The bus station in Phnom Penh. In the last three years, the CTIP project has provided more than 1,700 people with transportation home or to a new community. Photo: Misty Keasler

Survivors’ Forums are multi-day events where victims gather to meet and support each other and learn about safe migration. This particular forum also became a matchmaking session — at least it did for two of the people there. Because at the same time that Kannitha and Sophea were working in Malaysia, a young man named Leap, 23, was on a fishing vessel off the coast of Thailand. He, too, had cast his lot with a broker who promised him high wages. But his boat was intercepted for fishing in Indonesian waters. The captain and crew were all arrested, and Leap spent two months in an Indonesian jail. The International Organization for Migration (then a Winrock partner) came to his aid, and he returned to Cambodia in March 2016. Later that year, he found himself at the same Survivor’s Forum Kannitha and Sophea were attending.
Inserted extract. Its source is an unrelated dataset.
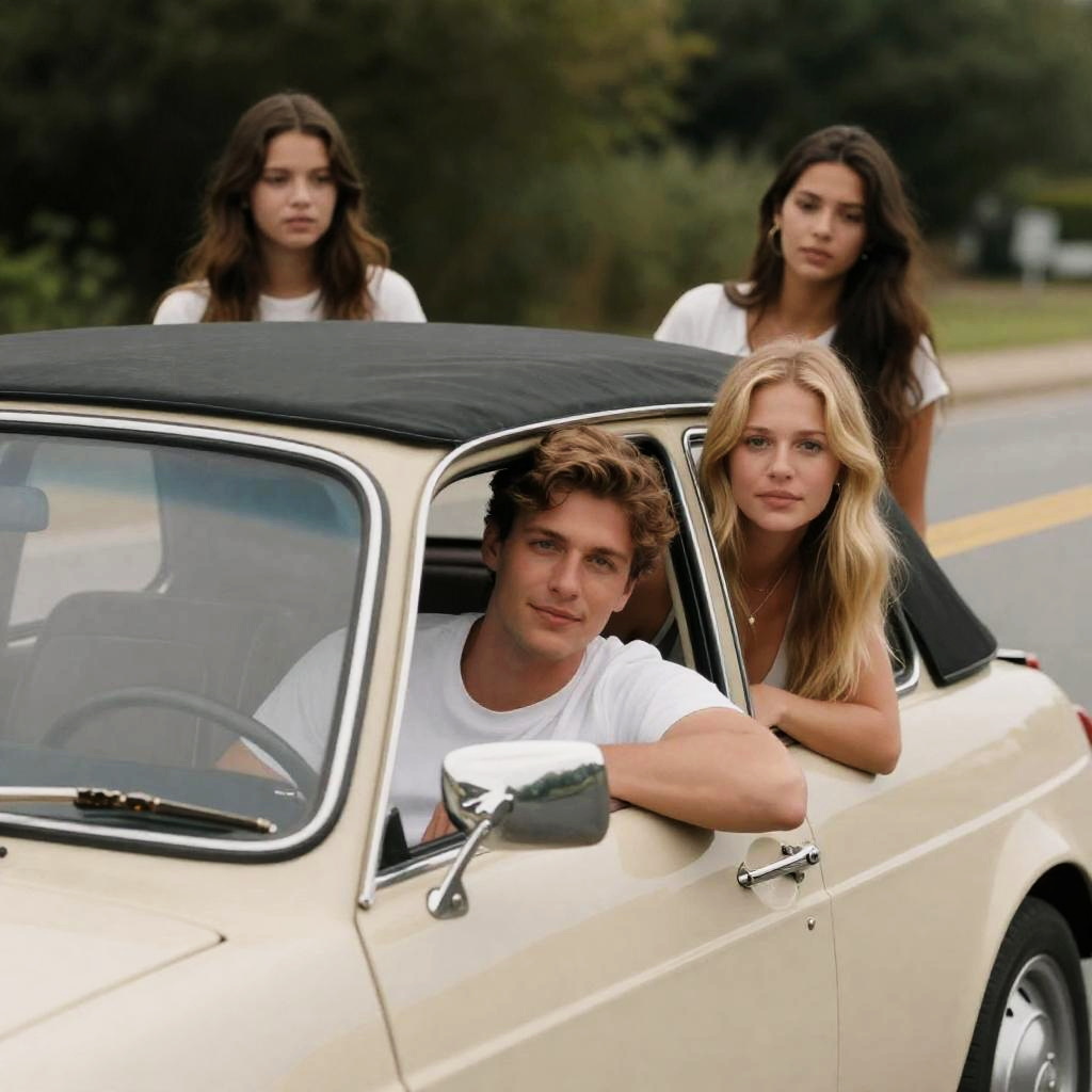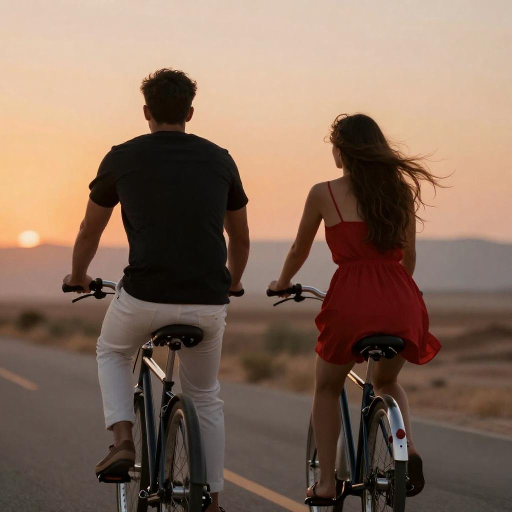 Photograph of a young couple and a dog on a gravel road in a field. The woman with long brown hair, wearing a floral shirt and denim shorts, rides a pink bicycle on the left. The man with short brown hair, wearing a white shirt and blue jeans, rides a red bicycle in the center. A golden retriever runs alongside the man, towards the camera. The background shows a wide, open field with a row of trees in the distance. Both people are smiling.

If it wasn’t love at first sight, it was something very close for Kannitha and Leap. “We don’t use words. We use eyes,” Kannitha says, describing their immediate attraction. It was only later, after Leap had gotten Kannitha’s phone number from her mother, that the couple started getting to know each other. And they stayed in touch even when Kannitha moved to Phnom Penh to work. A year after meeting Kannitha, Leap was calling her mother again — this time to ask for permission to wed. (In Cambodia, it’s traditional to ask the mother rather than the father this question.)

Trafficking survivors Leap and Kannitha are facing the future together. Photo: Misty Keasler

The couple married in December 2017 and are expecting their first child in April. They are currently working at a brick factory and saving as much money as they can. They have big plans. “We want to have our own business, our own land,” Leap says.

As they were getting to know each other, Kannitha and Leap spoke of many things. But they didn’t discuss their trafficking ordeals until after they were married. “The experience was so tough, so difficult,” Kannitha says. “It still hurts, what I experienced in Malaysia.”

But now she has someone to share it with, someone who understands the pain. From something very bad came something very good. Now Kannitha and Leap are facing the future together.